* **WHAT YOU SHOULD DO**
Once you reach the line that holds "All the goodies" in the listing below, output it and every line after it through the line that holds "(요약:) 디올이 세훈을", word for word.

* **RECORDS SHOWN**
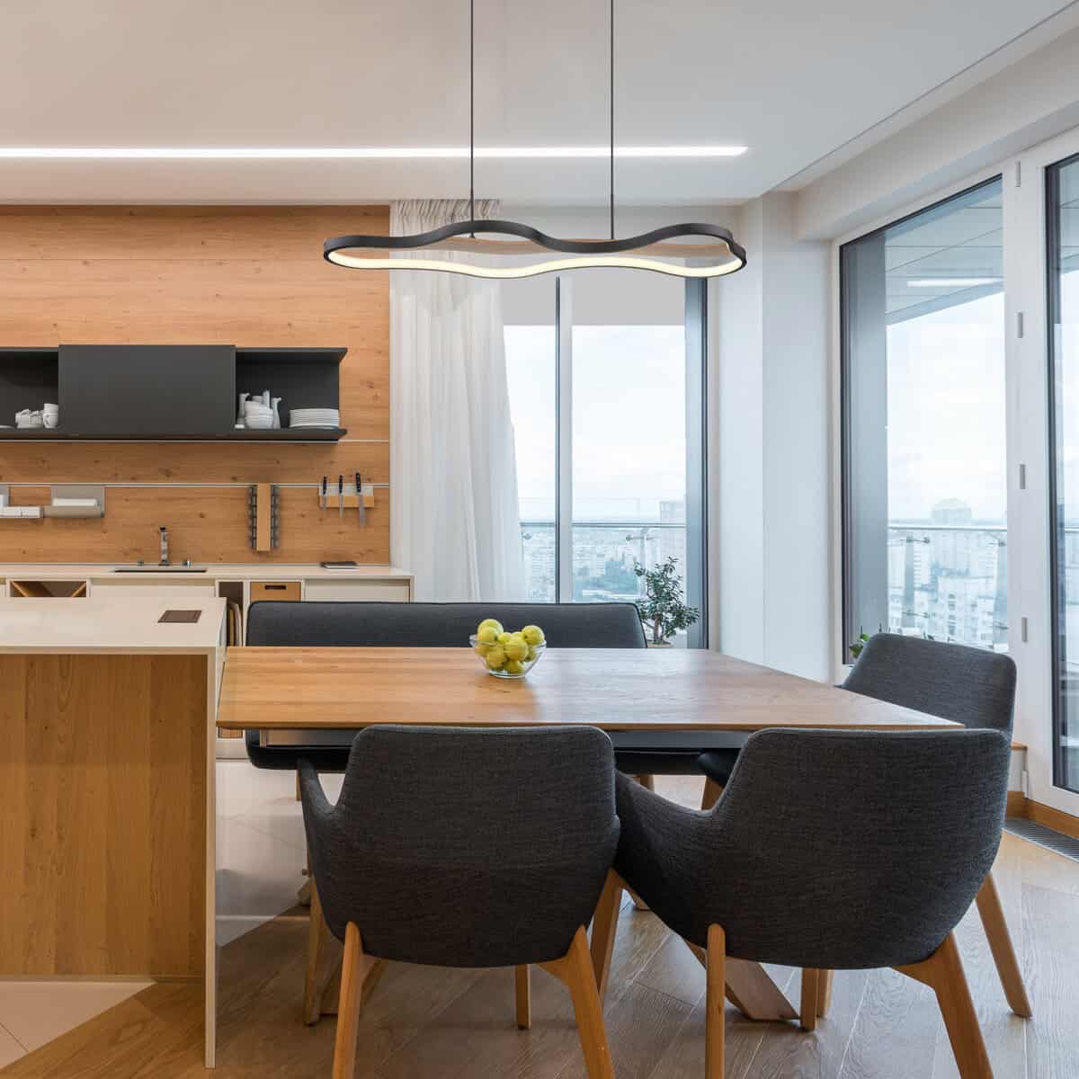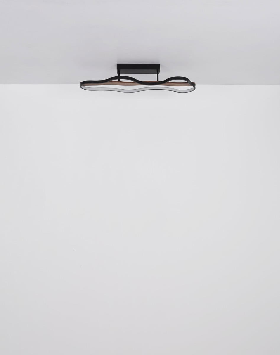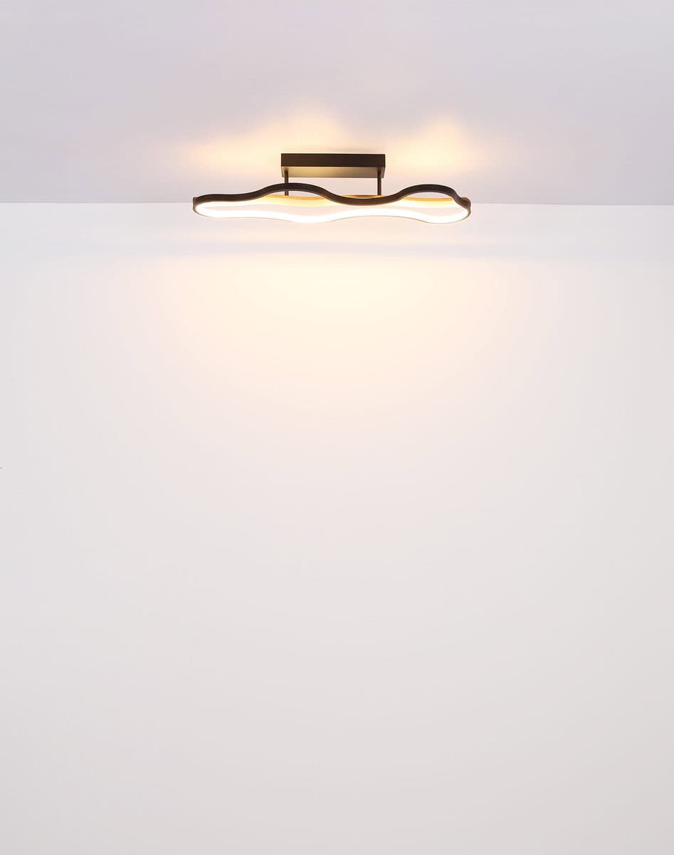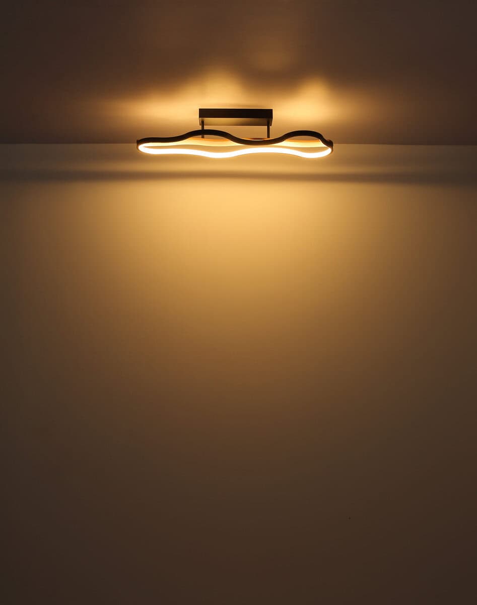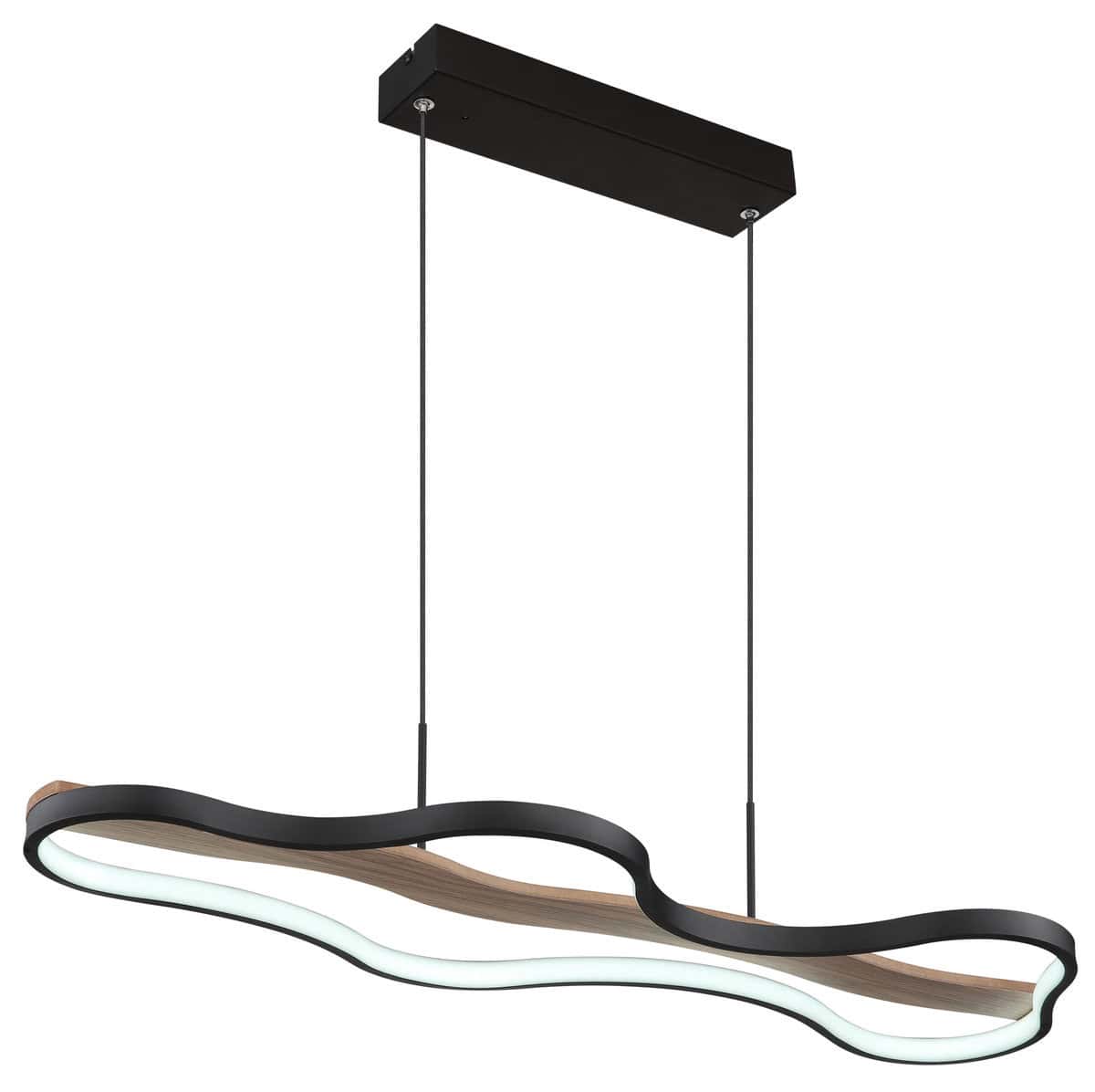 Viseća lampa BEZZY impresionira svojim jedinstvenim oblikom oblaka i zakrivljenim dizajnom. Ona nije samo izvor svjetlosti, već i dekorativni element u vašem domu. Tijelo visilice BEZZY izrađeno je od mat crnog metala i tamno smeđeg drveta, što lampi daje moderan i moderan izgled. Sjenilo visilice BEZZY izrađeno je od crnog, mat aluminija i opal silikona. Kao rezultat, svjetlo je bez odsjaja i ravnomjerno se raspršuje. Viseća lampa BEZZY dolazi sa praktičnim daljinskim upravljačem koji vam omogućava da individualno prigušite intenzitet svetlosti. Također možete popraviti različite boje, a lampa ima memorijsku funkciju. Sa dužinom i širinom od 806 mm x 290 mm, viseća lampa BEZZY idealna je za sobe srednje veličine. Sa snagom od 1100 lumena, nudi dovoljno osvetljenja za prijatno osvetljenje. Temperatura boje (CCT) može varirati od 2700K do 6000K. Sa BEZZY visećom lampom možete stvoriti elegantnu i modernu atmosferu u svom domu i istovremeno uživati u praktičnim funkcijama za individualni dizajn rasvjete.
---
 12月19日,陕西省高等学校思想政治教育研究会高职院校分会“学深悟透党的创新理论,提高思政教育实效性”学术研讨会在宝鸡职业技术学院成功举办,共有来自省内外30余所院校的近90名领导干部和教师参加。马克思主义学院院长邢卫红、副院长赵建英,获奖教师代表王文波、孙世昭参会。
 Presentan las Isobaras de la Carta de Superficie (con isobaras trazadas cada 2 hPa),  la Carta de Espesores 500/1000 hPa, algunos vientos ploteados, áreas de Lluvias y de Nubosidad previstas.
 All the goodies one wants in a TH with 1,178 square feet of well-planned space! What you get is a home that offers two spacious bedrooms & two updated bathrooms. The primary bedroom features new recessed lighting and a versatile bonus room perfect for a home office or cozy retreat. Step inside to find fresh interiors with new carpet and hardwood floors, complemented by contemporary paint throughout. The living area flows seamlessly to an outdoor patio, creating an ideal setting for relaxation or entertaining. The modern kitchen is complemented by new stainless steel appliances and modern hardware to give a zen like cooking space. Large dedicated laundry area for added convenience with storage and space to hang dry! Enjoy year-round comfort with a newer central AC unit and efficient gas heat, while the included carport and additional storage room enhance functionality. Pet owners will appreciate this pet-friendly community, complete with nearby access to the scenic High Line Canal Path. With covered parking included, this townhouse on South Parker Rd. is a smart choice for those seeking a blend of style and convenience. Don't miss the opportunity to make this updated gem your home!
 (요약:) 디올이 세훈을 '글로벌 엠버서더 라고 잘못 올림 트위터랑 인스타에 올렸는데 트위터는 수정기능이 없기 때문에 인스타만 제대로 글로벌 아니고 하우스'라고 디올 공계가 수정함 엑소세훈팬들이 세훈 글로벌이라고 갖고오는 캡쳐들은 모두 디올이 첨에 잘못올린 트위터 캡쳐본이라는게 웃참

* **RESPONSE AREA**
 All the goodies one wants in a TH with 1,178 square feet of well-planned space! What you get is a home that offers two spacious bedrooms & two updated bathrooms. The primary bedroom features new recessed lighting and a versatile bonus room perfect for a home office or cozy retreat. Step inside to find fresh interiors with new carpet and hardwood floors, complemented by contemporary paint throughout. The living area flows seamlessly to an outdoor patio, creating an ideal setting for relaxation or entertaining. The modern kitchen is complemented by new stainless steel appliances and modern hardware to give a zen like cooking space. Large dedicated laundry area for added convenience with storage and space to hang dry! Enjoy year-round comfort with a newer central AC unit and efficient gas heat, while the included carport and additional storage room enhance functionality. Pet owners will appreciate this pet-friendly community, complete with nearby access to the scenic High Line Canal Path. With covered parking included, this townhouse on South Parker Rd. is a smart choice for those seeking a blend of style and convenience. Don't miss the opportunity to make this updated gem your home!
 (요약:) 디올이 세훈을 '글로벌 엠버서더 라고 잘못 올림 트위터랑 인스타에 올렸는데 트위터는 수정기능이 없기 때문에 인스타만 제대로 글로벌 아니고 하우스'라고 디올 공계가 수정함 엑소세훈팬들이 세훈 글로벌이라고 갖고오는 캡쳐들은 모두 디올이 첨에 잘못올린 트위터 캡쳐본이라는게 웃참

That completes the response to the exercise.